Automated labeling and information extraction of Chinese corpora is an indispensable step in digital collection and research, such as the part-of-speech tagging of people, events, times, places, objects or words, which provides rich research material for humanities researchers. The manual labelling process is time-consuming and laborious, so we want to develop automated information annotation and retrieval systems. Through the cooperation of the Institute of Information Science, the Institute of History and Philology (IHP), and the Institute of Linguistics, we will establish a Chinese-language labelling and information acquisition platform, which not only provides a big data environment for humanities and Chinese, but also adds high-quality value to big data for scholars to conduct various types of analysis and research.
2020 is the fourth year of this five-year research project. We continue to cooperate with IHP's sub-project no. 5, “Project to Digitally Innovate Academic Settings” and sub-project no. 4, "Scripta Sinica Database." In 2017, the first year of the project, our goal was to identify the types of existing authority term vocabulary. In 2018, to improve the manual labelling efficiency of the Chinese electronic document database object labeling system, we worked closely with official language collaborator TTS (大鐸資訊), and added score values to the proper noun identification technology under the existing labelling interface of the IHP. In 2019, the goal was to automate the recognition and production of new authority file vocabulary from new Chinese texts to produce a large number of high-quality authority files. In addition, we also proposed a new research topic with Prof. Liu Cheng-Yun's team at IHP, of establishing a triplet knowledge map based on ternary relationships. Through this technique, when proper nouns are automatically recognized in the Chinese texts, the relationship between these names, place names, official names, and organization names can be automatically linked to quickly determine, for example, who is holding any official position. In 2019, we automatically established the most critical resume data in the authority file using generative models.

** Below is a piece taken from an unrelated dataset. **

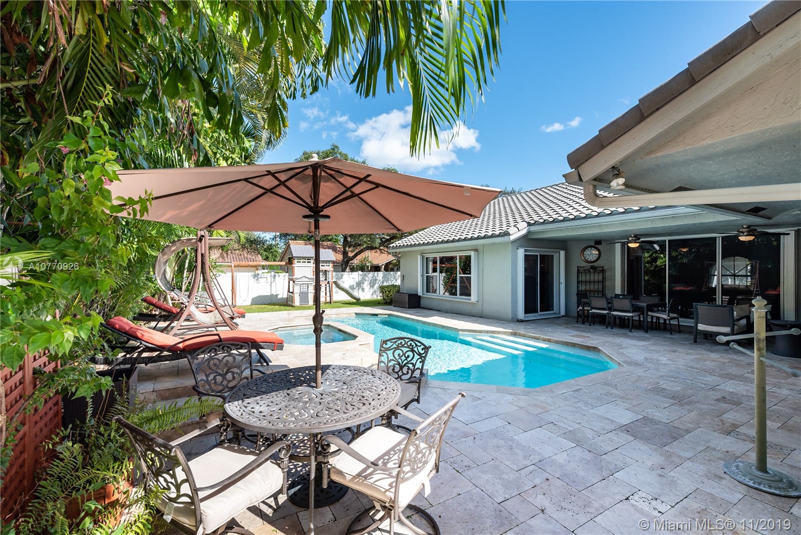 Light filled 5/3 Beauty on an Oversized, Corner Lot in Highly Desirable Westport! Custom Built Gourmet Kitchen: Stunning Black Granite Counter tops, Snack Bar, Movable Island, Built in Breakfast Nook, Newer Appliances: Dishwasher, Oven, Microwave, Disposal, Under Counter LED Lightning, 42” Wood Cabinets, Matching Pantry Doors. Split Floor Plan. Vaulted Ceilings, Flexible Living Spaces. Laminate, Tile Flooring. Enjoy Outdoor Living in the Beautiful Heated/Chiller Pool & Spa w/Waterfall Feature, Travertine Surround, Newer Diamond Brite. Enclosed Back, Newer Vinyl Fencing. Accordions Shutters, Oversized 2 Car Garage. Generator Ready. Newer Sprinkler System. Paver Circular Driveway. Tranquil Neighborhood. Very Low HOA. Near Houses of Worship, Restaurants, Shoppes, Highways.

In 2020 (the fourth year), we intend to further develop from the generative model to the discriminative model, so that deep learning techniques can make full use of relationship contexts and perform encoding operations to extract the relations. We also aim to expand the types of relationships. At the same time, we also hope to explore the trajectories of career paths using the large amount of new resume data (they are expected to be automatically indexed by the authority file, however, this should not include many high official positions, since senior officials have already been manually indexed). Our proposed mechanism can provide another interesting perspective.